Мы с Павлом были парализованы ужасом. Кажется, я никогда еще не слышала, чтобы он так громко кричал. Какой смысл был вести себя тихо – рев воды заглушал любые звуки! С другой стороны, мы понимали, что если нас и найдут немцы, то уже мертвыми. Что до меня, то я не столько кричала, сколько издавала короткие вопли, потому что как только я открывала рот, его тут же заливало водой. Я знала, что мы утонем, почти утонули.
Я ухватилась за пальто Берестыцкого. Я вцепилась в него, как в спасательный круг и говорила:
– Молись, Якоб, молись! Jakob, modl sie!
Я повторяла эти слова снова и снова. Мне казалось, что из всех нас он ближе всех к Богу. Ведь он каждый день обращался к Нему с молитвами. И если уж Бог и услышит наши мольбы о спасении, то только через Берестыцкого.

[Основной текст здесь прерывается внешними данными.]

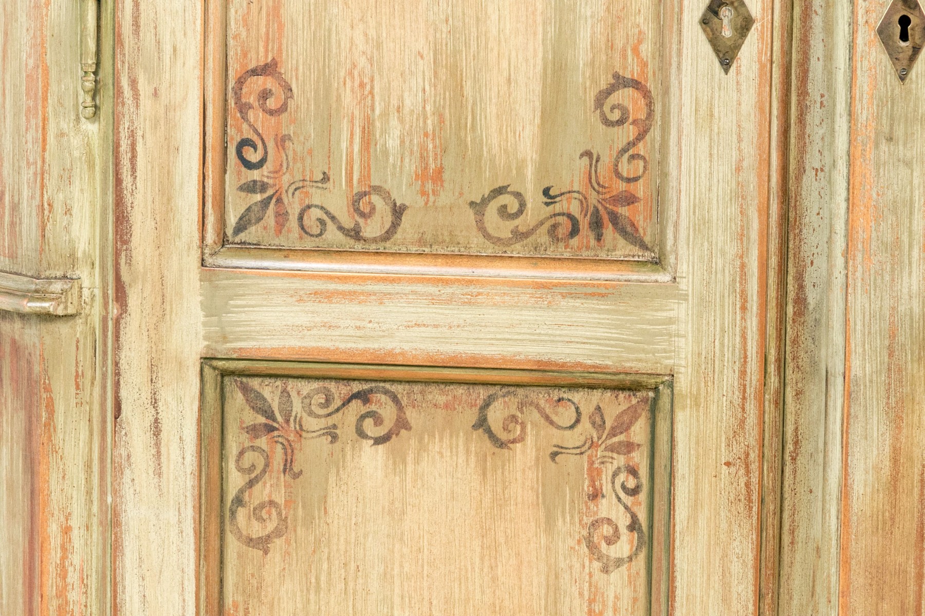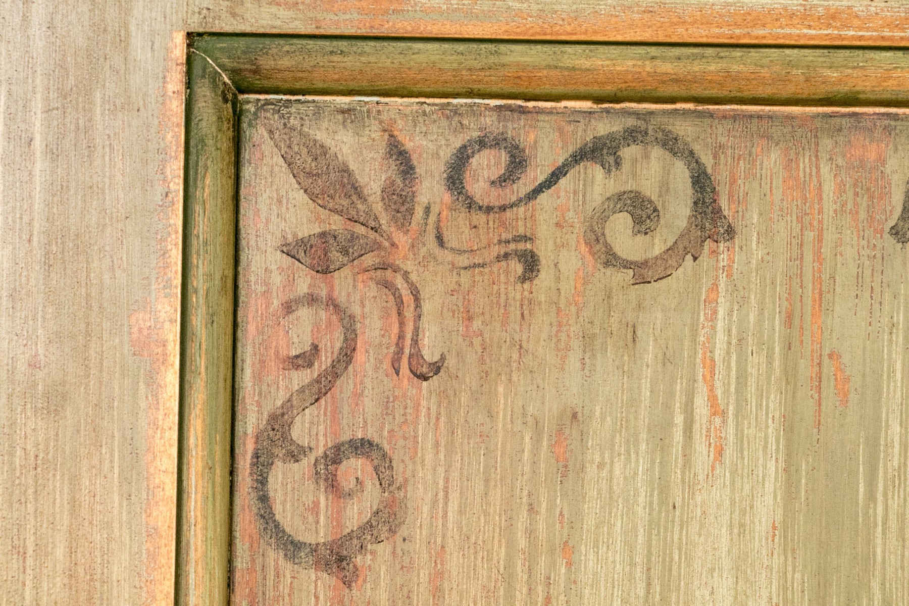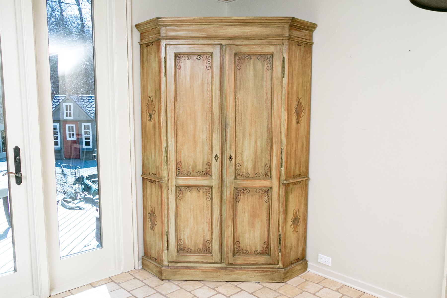Handsomely hand painted and crafted. The corner cabinet features two hinged doors which open to reveal plenty of interior shelved storage with a pull out drawer for flatware or other utensils.

И тут произошло чудо – вода начала спадать. Мы уже вытянулись в нашем бункере до самого потолка. Между водой и потолком оставался небольшой воздушный карман, и как раз в тот момент, когда мы сделали по последнему, как нам думалось, глотку воздуха и обменялись последними в нашей жизни взглядами, вода вдруг начала уходить. Скорее всего, прочистились засорившиеся в первые мгновения наводнения трубы. Я уж не знаю, какие молитвы читал Берестыцкий, но они явно были услышаны, и совсем скоро в бункере остались только мы да кучи грязи и мусора, которые теперь предстояло убрать. Все, что у нас было, унесла вода: кастрюли, сковородки, ложки, консервы – все… Остались только доски, которые снова легли на грязный пол, и… мы.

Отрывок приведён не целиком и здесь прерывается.